The blue Trump flag, affixed “to a rear [Humvee] antenna with zip ties,” was flown on a convoy of 11 vehicles containing 12 Navy personnel, said the Department of the Navy inquiry obtained using the Freedom of Information Act (FOIA). The names of the individuals were redacted in the report because disclosure would endanger the lives or safety of personnel, the Navy said.

The flag was attached by a Navy Seal who, according to an interview the Department of the Navy conducted with him on Feb. 3, “made the decision to place the flag on the Humvee without discussing it with anyone in the convoy.”

“He placed it on the Humvee on Friday before departing,” the documents stated. “He did not know who owned the flag because he has bought many campaign flags for the members of his Troop. He was unaware of any regulations that flying the campaign flag would have violated. [The man who attached the flag] drove home for the weekend and was not with the convoy while it transited.”

The Navy Seals group was traveling from Ft. Knox to Muscatatuck Urban Training Center (MUTC) in Butlerville, Ind., roughly 110 miles away, the documents stated. The convoy commander, unnamed in the report, traveled with the convoy on Jan. 29 at 11 a.m. This commander was responsible for inspecting all the vehicles prior to departure and was aware the flag was on the vehicle.

“[The convoy commander] was also aware of the rules precluding Department of Defense (DoD) endorsement of political candidates during an election,” the documents stated. “However, he believed that flying the flag was not inappropriate since the election was over and since the candidate was now the Commander in Chief of the Armed Forces.”

This thinking violated a long-standing DoD policy to avoid any activity that might imply DoD endorsement of a political campaign, the documents stated.

About 30 minutes into the drive on I-65, the convoy commander noticed that the flag was getting a good deal of attention from civilian drivers, “some of which was negative attention.”
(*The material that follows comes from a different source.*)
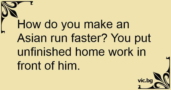 How do you make an Asian run faster? You put unfinished home work in front of him.
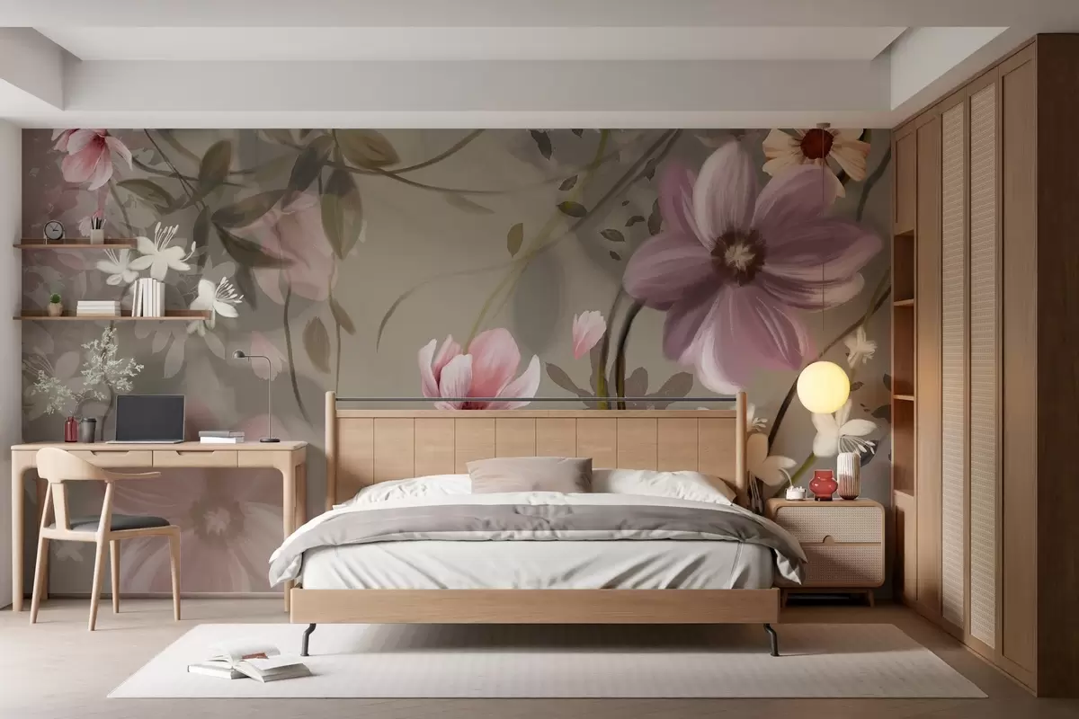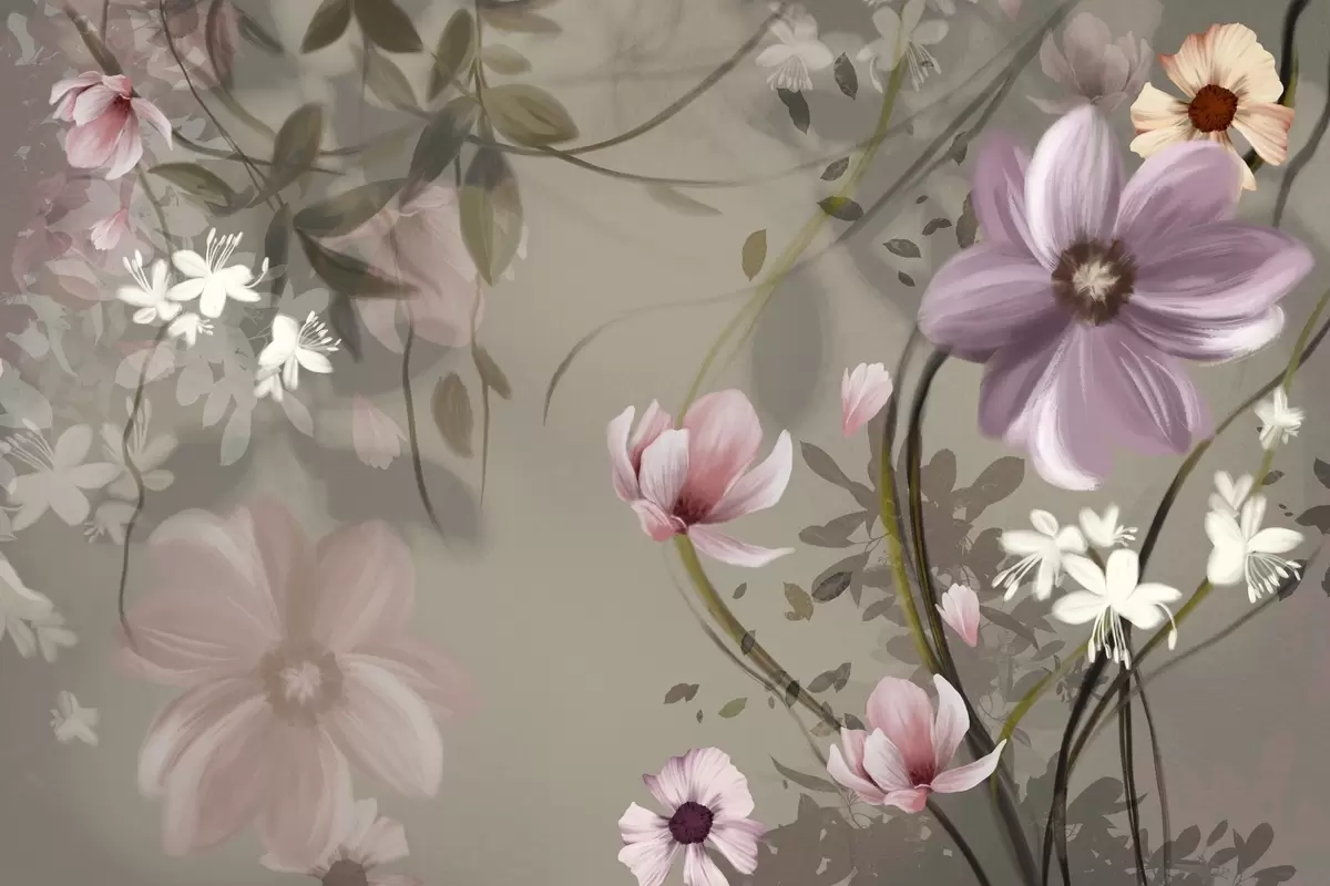 Fototapeter Rosa og hvite blomster med brune stilker og blader, dempet belysning, dempede farger, blomsteroppsats Nr. w09417

“At this point, he felt like the correct course of action would have been to take the flag down,” the documents stated. “However, he was concerned that it would be unsafe for the convoy and its members to pull over while on the highway.”

The preliminary inquiry officer disputed the convoy’s safety concerns, adding that “there would have been multiple opportunities to safely exit I-65 to a rest stop or gas station and remove the flag.”

The convoy decided to wait until they reached their destination before taking down the flag.

“This episode served to cast a bright and unwanted spotlight on our actions and location,” the preliminary inquiry officer said.

At least two videos of the flag garnered significant local and national attention, particularly from ABC, CBS, and Fox News. The Department of Defense (DoD) initially told the Herald-Leader that the vehicles didn’t belong to an active military unit.

The Navy Seals formally punished the unit on Feb. 28 but none of the details were released, said Lt. Jacqui Maxwell of the Naval Special Warfare Group 2 in Virginia Beach, Va. According to the documents, the commanding Seals officer directed a teamwide remedial training on safe convoy operations and partisan political activity. That remedial training was completed by Feb. 9.

“It is my hope that this incident will serve as an reminder about how seemingly minor errors in judgment can have far reaching 2nd and 3rd order effects,” the commanding officer wrote in one of the documents, “which can in turn have major implications for our Command, Naval Special Warfare, and ultimately our reputation in the eyes of the country which we are sworn to protect.”